Prognostic Factors of Second-line Immune Checkpoint Inhibitors in Patients With Advanced-stage Non-Small Cell Lung Cancer: A Multicenter, Retrospective Study

Am J Clin Oncol. 2021 Jul 1;44(7):356-360. doi: 10.1097/COC.0000000000000828.

Abstract

Objectives: Immune checkpoint inhibitors (ICIs) targeting the programmed cell death receptor-1 and its ligand have achieved impressive success in treating patients with advanced-stage non-small cell lung cancer (NSCLC) after failed first-line cytotoxic chemotherapy. However, knowledge on clinical biomarkers that could help select patients who will respond well to second-line ICI therapy is limited.

Patients and methods: Medical records of patients with NSCLC treated with first-line platinum-based chemotherapy and subsequent second-line ICI were collected from 6 medical centers between January 2018 and June 2020. Clinical information, pathologic variables, and radiologic findings of the data collected were reviewed. The patients were followed up until the date of the last visit, the death of any cause, or the end of data recording (December 31, 2020).

Results: A total of 181 patients with NSCLC were treated with second-line ICI following first-line platinum-based doublet chemotherapy. The median progression-free survival was 2.0 months (interquartile range, 1.0 to 5.5 mo), and the median overall survival was 12.0 months (interquartile range, 6.0 to 20.0 mo).
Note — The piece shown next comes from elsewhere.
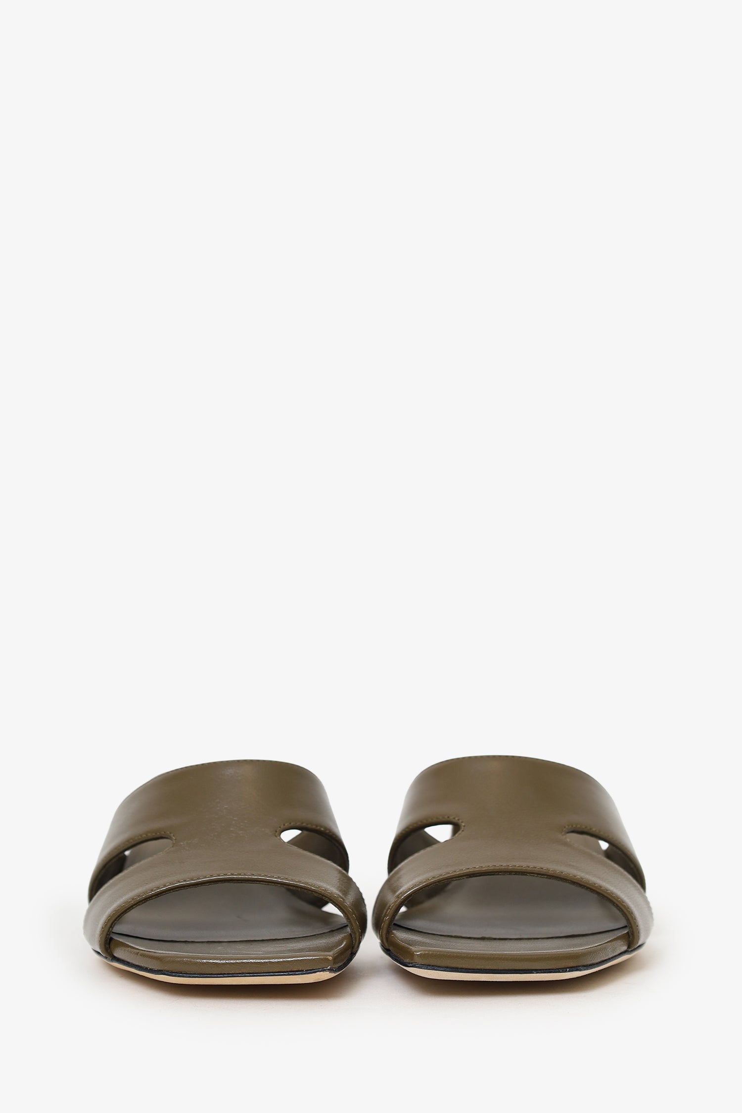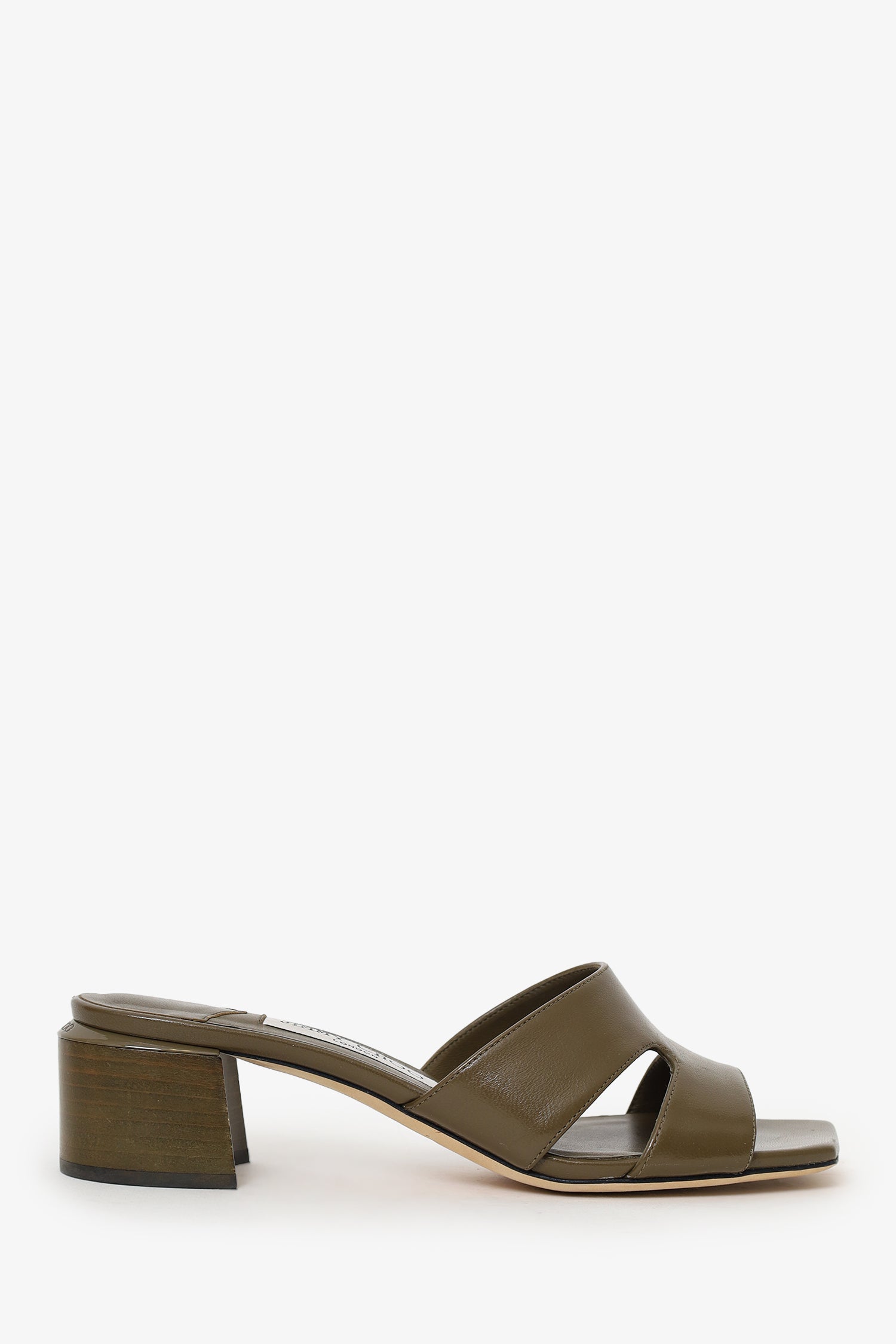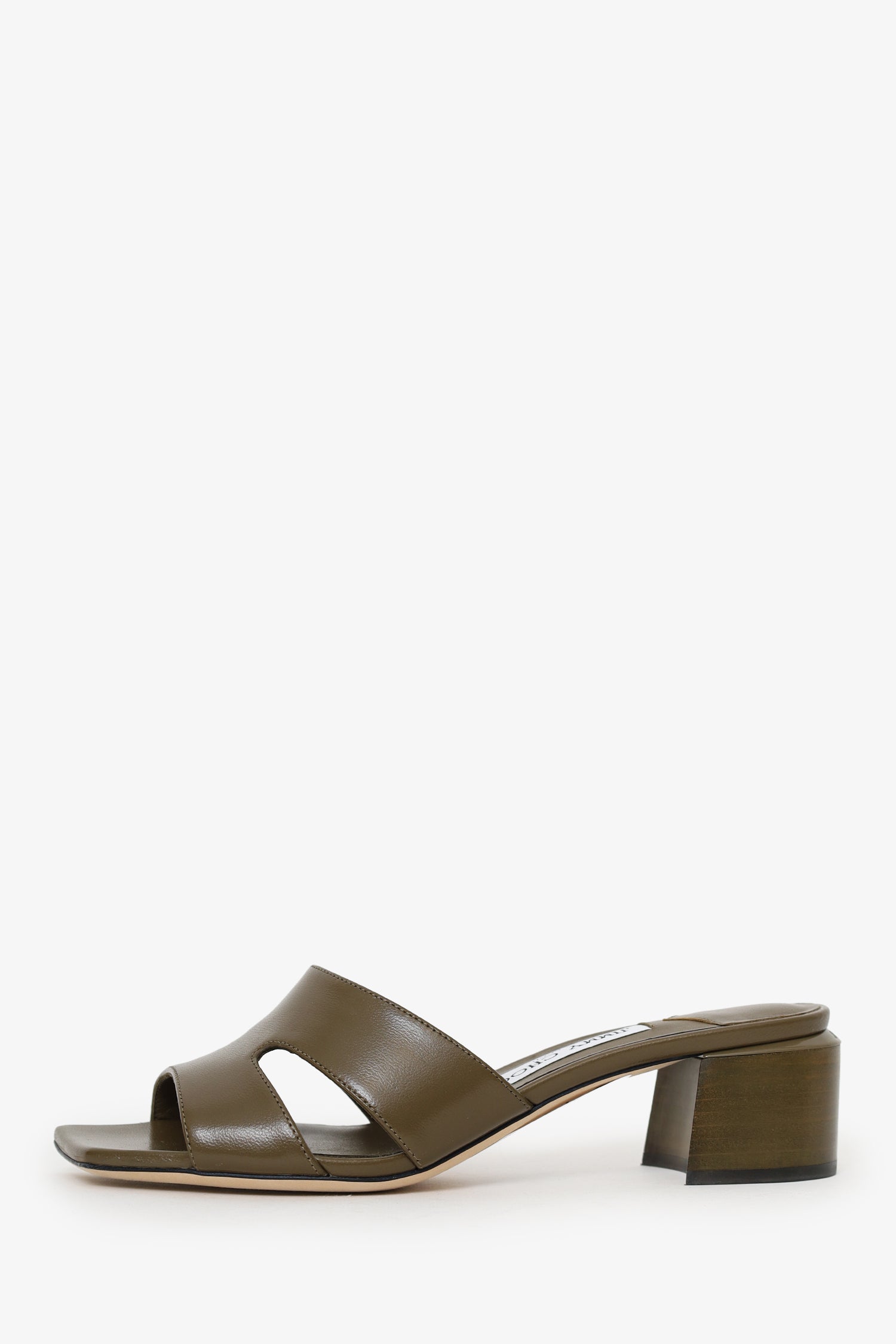 Jimmy Choo Khaki Green Leather Ellison Block Heel Mules Size 36

Low body mass index (BMI) was independently associated with progression-free survival (odds ratio [OR], 0.826; 95% confidence interval [CI], 0.723-0.945; P=0.005). Similarly, a low BMI (OR, 0.839; 95% CI, 0.740-0.952; P=0.005) and a high number of metastatic organs (OR, 1.682; 95% CI, 1.156-2.448; P=0.007) were independently associated with the overall survival after second-line ICI therapy.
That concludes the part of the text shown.